Questionné sur ses motivations profondes à tenter sa chance en politique active, Dominic Champagne évoque plusieurs éléments. « J’ai vu les libéraux aller dans le dossier des gaz de schiste, je les ai vus manipuler les esprits. Je suis allé à leur rencontre et j’ai vu la faiblesse des uns et le machiavélisme des autres. C’est entre autres ça qui me donne le goût de sauter sur la patinoire et d’aller dans les coins un peu. »
Mais au-delà des libéraux, il y a le contexte politique général. « Les circonstances m’impressionnent, dit-il. Il y a un retour du discours politique, d’une forme d’engagement véritable qui ne s’inscrit pas bien dans les partis politiques, mais qui est réel. Les citoyens sont préoccupés par la chose publique, la justice sociale, l’équité financière. Et à un certain moment, c’est sur le terrain et dans l’exercice du pouvoir qu’on peut agir. Car une fois qu’on a mobilisé des gens, on a envie que ça se traduise en politique. » Dont acte.

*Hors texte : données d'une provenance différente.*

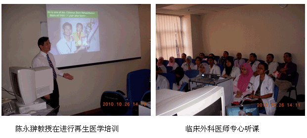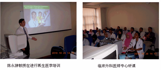 9、10月25日,再生醫(yī)學(xué)院級培訓(xùn)班在Hospital QEH (沙巴州中央醫(yī)院)學(xué)術(shù)報告廳舉辦,燒傷整形醫(yī)師Dr. Izety主持學(xué)術(shù)活動,燒傷整形中心主任Dr. Sergius介紹講課老師和談他參加國際會議認(rèn)識陳教授和了解到燒傷再生醫(yī)學(xué)的過程。來自該院的燒傷整形、普外、創(chuàng)傷骨科和急診科的60多名醫(yī)師、護(hù)士接受了再生醫(yī)學(xué)的培訓(xùn)。培訓(xùn)班還組織了2例燒傷病例的現(xiàn)場操作示范,通過現(xiàn)場示范,大家得以更全面和更直觀地學(xué)習(xí)和掌握再生醫(yī)學(xué)技術(shù)。培訓(xùn)結(jié)束后,該院馬上引進(jìn)和應(yīng)用燒傷再生醫(yī)學(xué)技術(shù)治療燒傷創(chuàng)瘍病人(目  前有1例37%的大面積特重度燒傷的患兒正在接受再生醫(yī)學(xué)治療)。
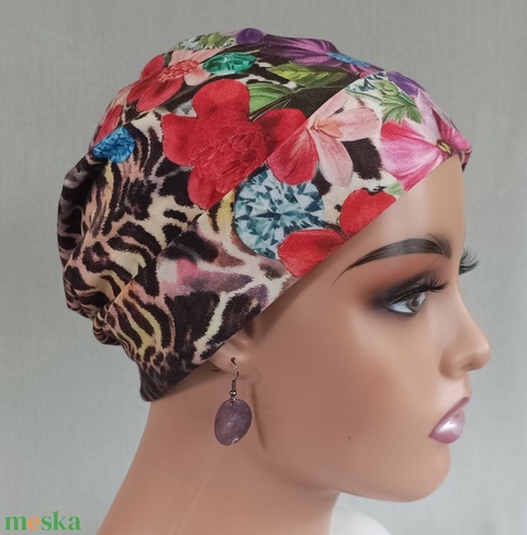 Sapka - Kemoterápiás sapka -, virágos-párducmintás -, daganatos kezelések idejére is
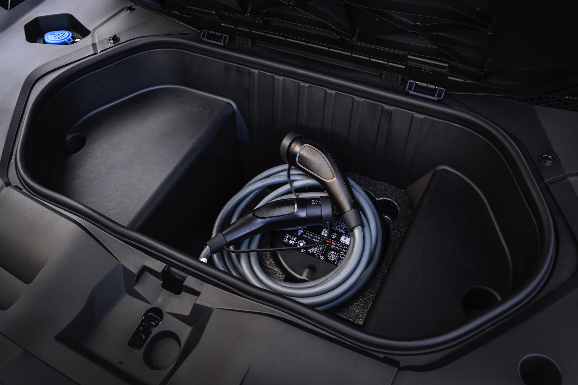 Auf den Fotos zum Interieur des Elektro-SUV erhalten wir auch detaillierte Eindrücke vom Finish der Bedienelemente auf der Mittelkonsole und in den Türen, einen Blick in den 520 bis 1.750 Liter großen Kofferraum mit der serienmäßig zweigeteilt umklappbaren Rückbank sowie weitere Bilder vom 58 Liter fassenden Frunk unter der Fronthaube, der sich beispielsweise für den Transport des Ladekabels anbietet.
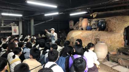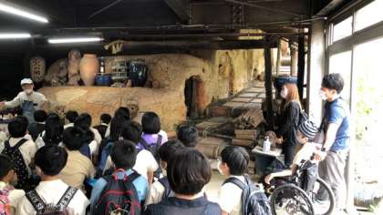 体験の前に、登り窯の前で、信楽焼について教えていただいています。

Sauf que Dominic Champagne ne cache pas que la réflexion n’est pas facile. Il mène une carrière prolifique (sept spectacles en tournée l’an dernier, trois créations, de multiples collaborations avec le Cirque du Soleil) qu’il aurait du mal à quitter pour un mandat de quatre ans. « J’ai des shows en cours, des fers au feu, des textes à finir, dit-il. Je suis très habité par la question de savoir que faire pour exercer mon devoir de citoyen. Mais est-ce que je peux donner le meilleur de moi-même à ma société en devenant député indépendant ? Si j’y vais, ce ne sera pas en blague. La réflexion serait plus facile si j’étais sûr de ne pas gagner. »
Si Outremont est un bastion libéral depuis de 50 ans, la circonscription est passée dans le camp du NPD au fédéral il y a cinq ans.
Candidats
Par ailleurs, le portrait des candidatures en vue de la prochaine élection se précise de jour en jour. Les 125 candidats du Parti libéral sont ainsi choisis, indiquait hier le parti. Choisis, mais pas tous dévoilés : les libéraux gardent dans leur manche quelques candidats vedettes à annoncer en temps et lieu. Parmi eux, l’ex-députée libérale fédérale d’Ahuntsic, Eleni Bakopanos, promet de faire une chaude lutte à la future candidate péquiste Diane De Courcy, présidente de la Commission scolaire de Montréal, dans Crémazie, selon La Presse canadienne.
Mme Bakopanos a été dans le passé permanente au PLQ et a oeuvré sur les questions de relations interculturelles dans les cabinets politiques à l’ère du premier ministre Robert Bourassa, avant de passer à la scène fédérale. D’origine grecque, elle a été élue députée fédérale de Saint-Denis, en 1993, puis d’Ahuntsic de 1997 à 2006, alors que la candidate bloquiste Maria Mourani lui faisait mordre la poussière.
Dans Richmond, en Estrie, le PLQ fera confiance à Karine Vallières, qui tentera de succéder à son père, le ministre Yvon Vallières, bientôt à la retraite, au terme de son mandat. Elle devra affronter le député péquiste Étienne-Alexis Boucher, qui passe de Johnson à Richmond, en raison du redécoupage de la carte électorale.